Cyclin-dependent kinase 2-associated protein 1 (CDK2AP1), also named as deleted in oral cancer-1 (DOC-1), is a growth suppressor originally isolated from normal hamster oral keratino cytes by suppression subtractive hybridization (68). Human CDK2AP1 is a highly conserved cellular gene and has been mapped to chromosome 12q24 (8). The human CDK2AP1 cDNA is 1.6-kilobase pairs (kb) in length, encoding 115 amino acids with a molecular weight of 12.4 kDa (pI of 9.62) (8). CDK2 activity is thought to play a key role in late G1 to S phase progression by phosphorylating and inactivating the retinoblastoma (Rb) protein. Phosphorylated and inactive Rb allows the transcription of genes under the control of E2F, which are required for DNA replication (5,6). Therefore, the downregulation of CDK2AP1, an inhibitor of CDK2 and hence G1/S transition, is expected to result in an unregulated cell cycle progression. There is evidence to suggest that CDK2AP1 is implicated in negative regulation of CDK2 activity by sequestering monomeric CDK2 and/or targeting CDK2 for proteolysis (7). CDK2AP1 was shown to interact with DNA polymerase α/primase and/or CDK2 and to mediate phosphorylation of the large p180 subunit, suggesting a regulatory role in DNA replication during S phase of the cell cycle. In addition, recent studies have shown that CDK2AP1 mediates the growth suppressing signal from TGF-β (9).

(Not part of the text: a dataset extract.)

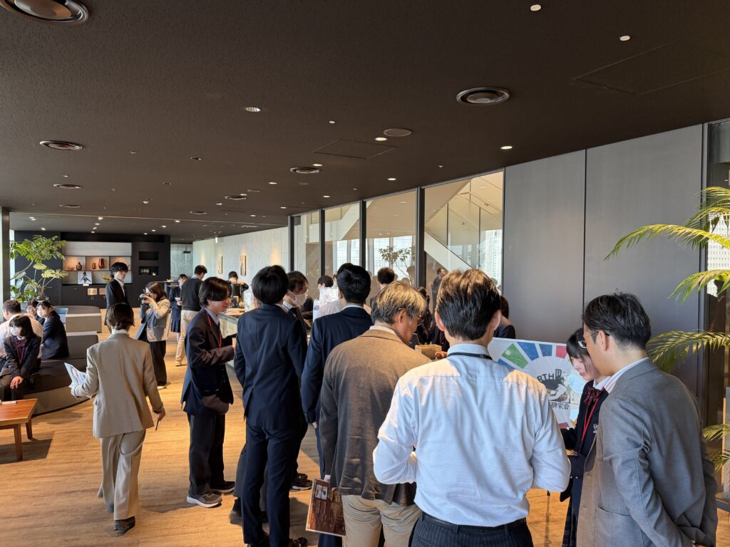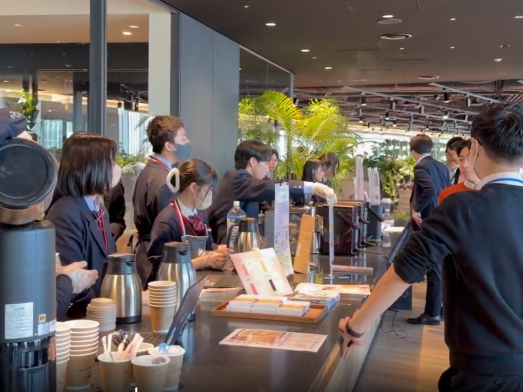 イベントでは、生徒30名が住友生命東京本社内カフェラウンジにフェアトレード商品を出店し、コーヒーもハンドドリップで提供しました。住友生命職員との対話を通じてフェアトレードやSDGsの意義を伝え、会場は行列ができるほどの盛況となりました。生徒にとっても、社会で働く人々と直接語り合うことで、自分のキャリアや社会課題への関心を深める貴重な機会となりました。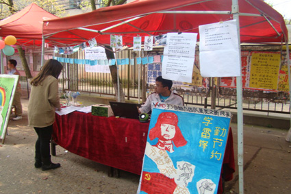 团委学生会权益保障部承办的“学雷锋、勤节约”活动在北苑进行摆点宣传。本次活动以“学习雷锋精神,贯彻十八大思想”为主题,旨在向同学们介绍关于节约环保的相关知识,并且呼吁广大同学们行动起来,积极参与。

Studies have shown that CDK2AP1 gene is usually expressed in normal human tissues. However, emerging evidence suggests that loss or reduced expression of CDK2AP1 might contribute to the multi-step nature of oral carcinogenesis in many types of malignancies including oral cancer, prostate cancer, esophageal carcinoma, gastric cancer and colorectal cancer (915) and that its loss may be an event that is associated with tumor progression. Given the significant association of CDK2AP1 expression with tumorigenesis (7), CDK2AP1 may play a role in oncogenesis and serves as a molecular target for cancer therapy. It is perhaps no surprise that CDK2AP1 also plays a functional role in human pulmonary tumorigenesis. However, to date, the specific roles of CDK2AP1 in lung cancers have not yet been reported.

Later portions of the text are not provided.